Изменить размер шрифта - +
Но ему запрещено ездить, спохватился он, из-за небольшого растяжения запястья. За рулем будет Герда, и Герда, храни ее бог, никогда не сможет овладеть вождением. Каждый раз, когда она переключала скорость, он должен был сидеть, молча скрежеща зубами, ибо по горькому опыту знал, что стоит Герду поправить, как у нее сразу все пойдет еще хуже. Поразительно, но никто не был в состоянии научить Герду переключению скоростей — даже Генриетта. А Генриетте он поручил ее, решив, что Генриеттин энтузиазм преуспеет лучше его раздражительности.

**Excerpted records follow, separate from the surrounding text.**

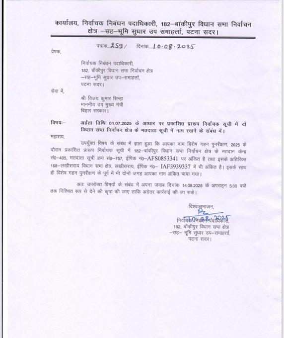बिहार के उपमुख्यमंत्री और बीजेपी नेता विजय कुमार सिन्हा को दो अलग-अलग विधानसभा क्षेत्रों में मतदाता के रूप में पंजीकरण और दो मतदाता पहचान पत्र रखने के आरोप में चुनाव आयोग ने नोटिस जारी किया है। अधिकारियों ने रविवार को इसकी पुष्टि की। बांकीपुर निर्वाचन क्षेत्र के रजिस्ट्रेशन अधिकारी ने उपमुख्यमंत्री को नोटिस जारी कर 14 अगस्त तक जवाब मांगा है। नोटिस में उनसे पूछा गया है कि वे दो विधानसभा क्षेत्रों में कैसे पंजीकृत हो सकते हैं और उनके पास दो मतदाता पहचान पत्र क्यों हैं।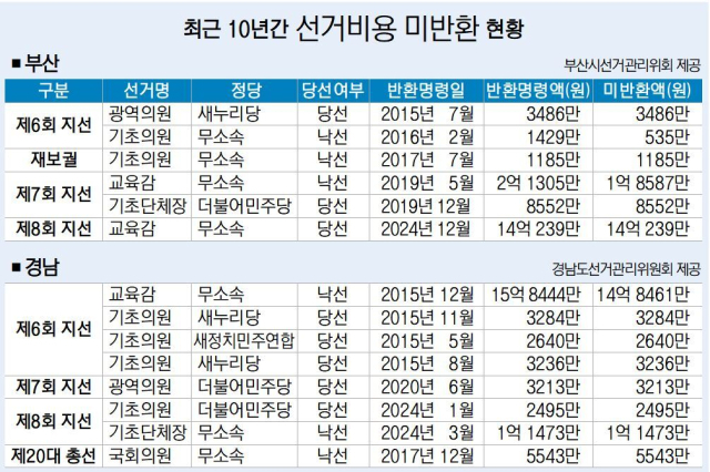 지난 10년간 부산·울산·경남 지방선거·총선에서 위법 행위로 형이 확정된 출마자가 국가에 반환하지 않은 선거 비용이 40억 원을 넘는 것으로 나타났다. 선거관리위원회도 이 같은 사실을 인지하고 있지만 뚜렷한 회수 방법이나 법적 장치가 없어 제도 개선이 시급하다는 지적이 제기된다.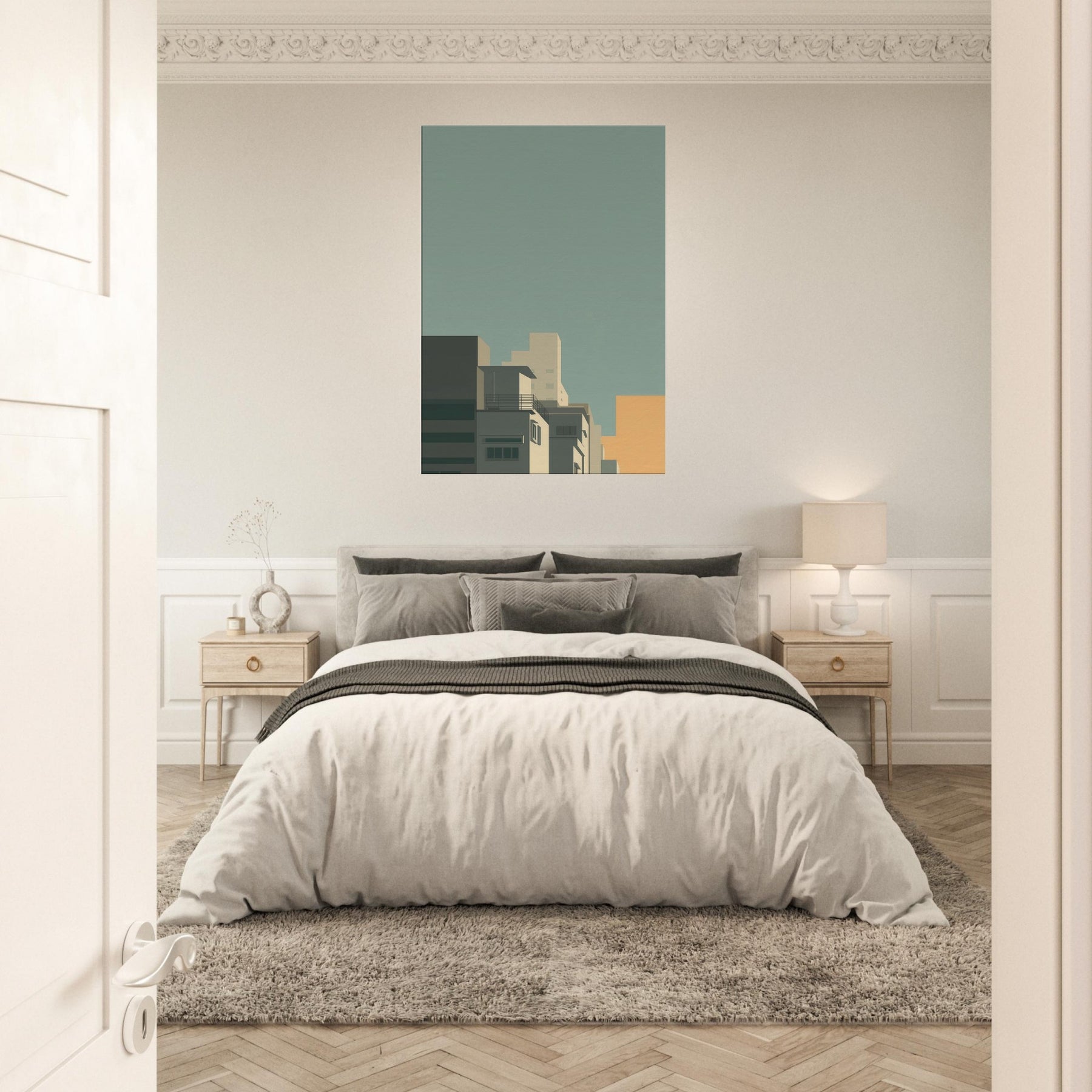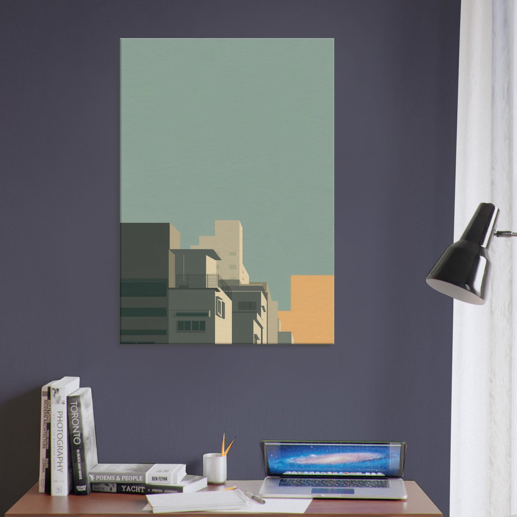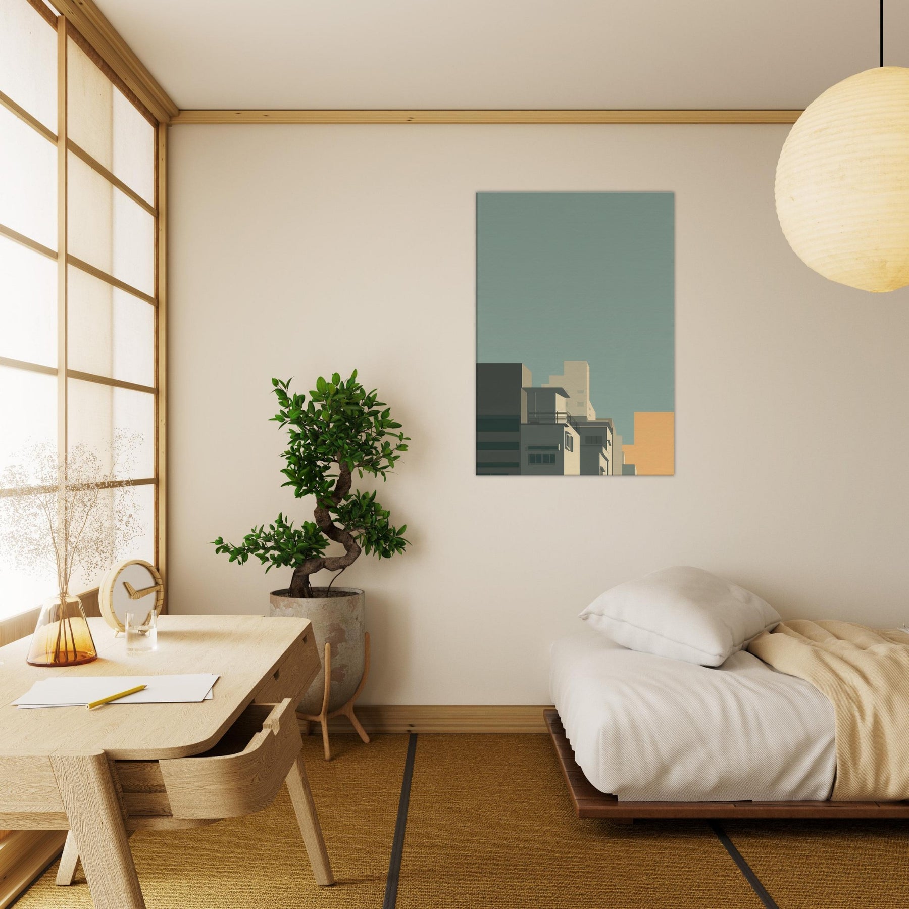 In this minimalist homage to Kyoto, the quiet geometry of blocks and soft, sun warmed tones breathe calm into any room. The architecture becomes a patient lullaby, the balance of shadow and light, the subtle rhythm of balconies and stairwells, inviting stillness as you pause to watch it unfold. This serene cityscape enhances a living space by guiding the eye, softening walls with gentle color, and turning a hallway or lounge into a contemplative moment. A refined, modern anchor for everyday rituals.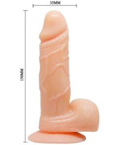 It is flexible and soft in texture for the most real feel. Its smooth, textured shaft features realistic elements like a bulbous head and firm testicles. Thanks to a suction cup on the base you can fix it on any smooth surface to use it without the help of your hands.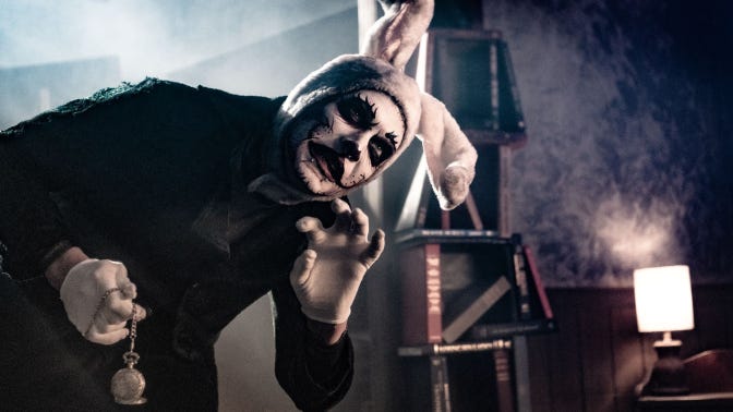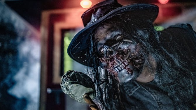 “Yee-haw! The disturbed cannibals that inhabit this farm move with an unsettling, unhinged energy where their distorted grins and vacant stares will leave you screaming for your mommy. You never know what's lurking the the cornstalks!”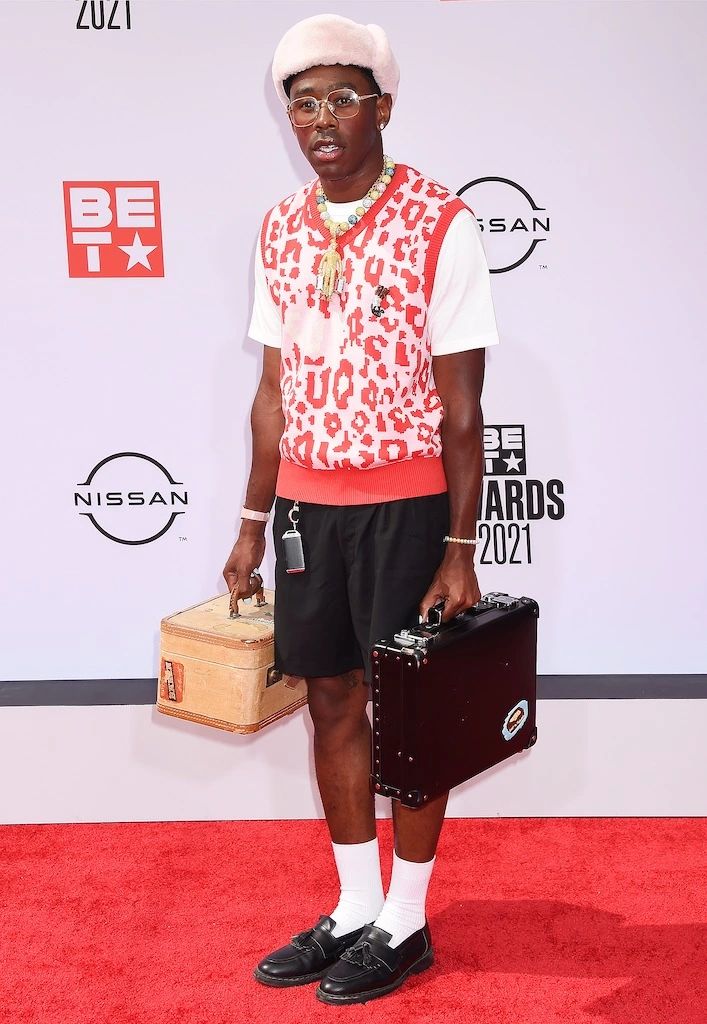 Tyler is no stranger to serving with his very own fashion line “GOLF WANG” being a side business to his rap career. Often dripped out in pastels, mohair and some statement hat, Tyler gives off a more whimsical picture than his lyrics may paint. His playful, boyish style embraces both fun and function, with sometimes showing a Boy Scout-ish aesthetic.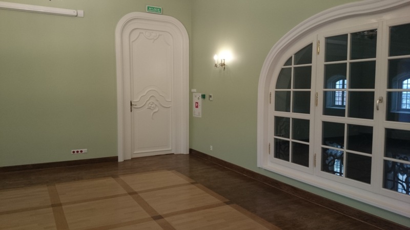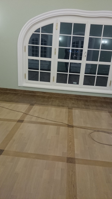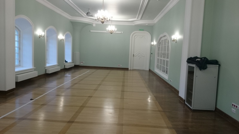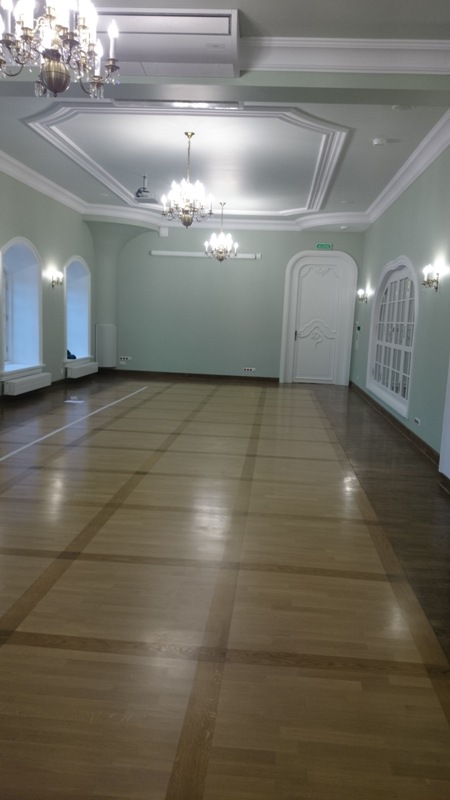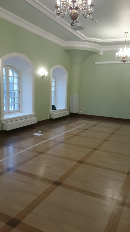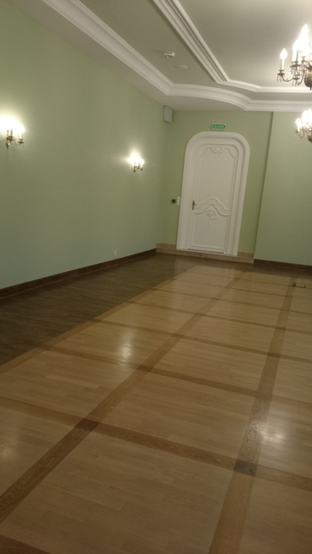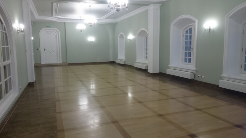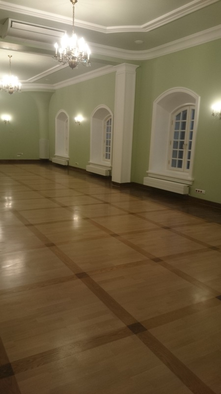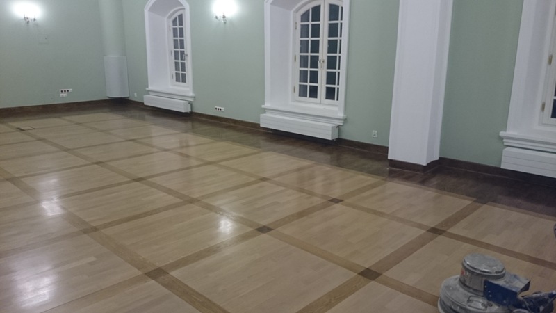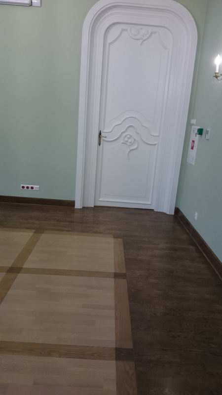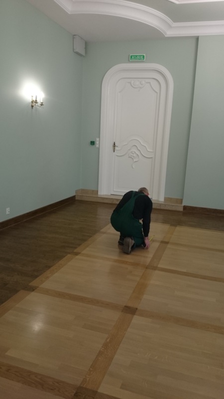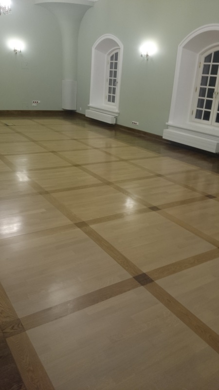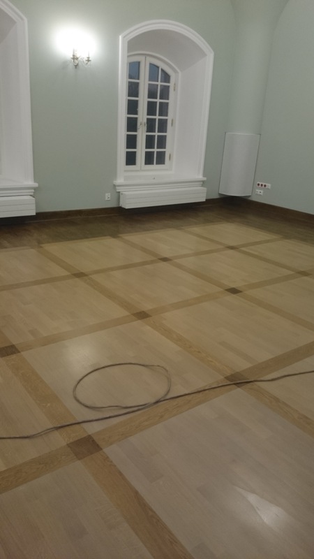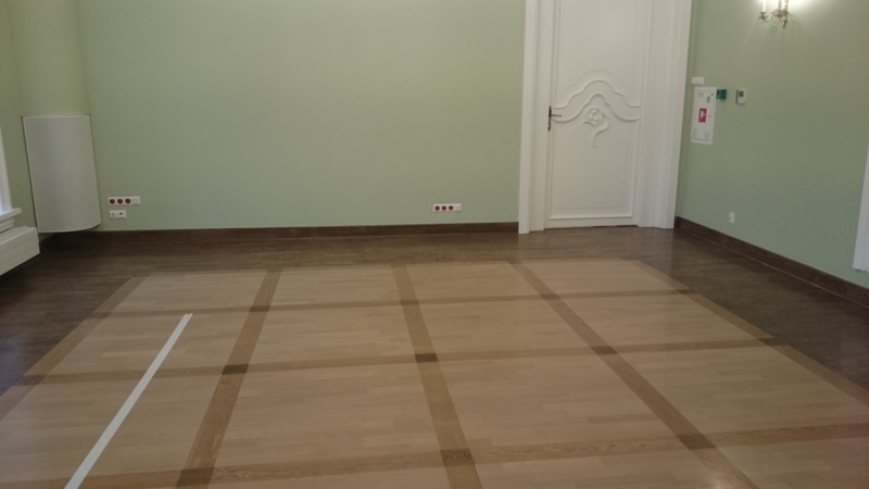 Inwestycja Pałac Branickich w Białymstoku (sala senatu). Układanie wzoru z parkietu i deski. Cyklinowanie i olejowanie podłogi w trzech kolorach przy współpracy z projektantem na zlecenie sklepu Olga Invest Białystok. Zastosowano oleje firmy Saicos. Zdjęcia przedstawiają kolejne etapy praz parkieciarskich.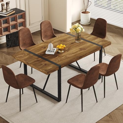 [Kitchen Table Chairs Set of 6] : This 6 chair dining table set features a table with a 2.3-inch thick high-density board top, supported by sleek black-painted metal table legs with a triangle design for added stability. The table’s surface is protected with an additional wood grain sticker, ensuring durability and creating a unique texture. The chairs, upholstered in suede nap fabric, provide a comfortable hand feel, enhancing the quality of the dining set for 6.

Генриетта гозорила об автомобиле с таким вдохновением, с каким иной воспевал бы весну или первый подснежник.

«Разве он не прекрасен, Джон? Он так прямо и мурлычет, а? Мы будем в Бел-Хилле через три часа совсем без усилий. Вслушайся, что за плавное переключение!» И так могло продолжаться, пока он не восклицал гневно и резко: «А тебе бы не хотелось, Генриетта, уделить немного внимания мне, а эту чертову машину на минуту-другую забыть?»

После таких вспышек ему всегда было неловко. Никогда не знаешь, когда они грянут среди ясного неба.

То же самое было и с ее работами. Хорошими работами, он сознавал это, сразу и восхищаясь, и возмущаясь. Их самая крупная ссора возникла на этой почве. Герда как-то сказала ему:

— Генриетта просила меня позировать ей.

— Что?! — он был удивлен и раздосадован. — Тебя?

— Да. И завтра я снова пойду к ней.

— С какой стати ей понадобилась именно ты?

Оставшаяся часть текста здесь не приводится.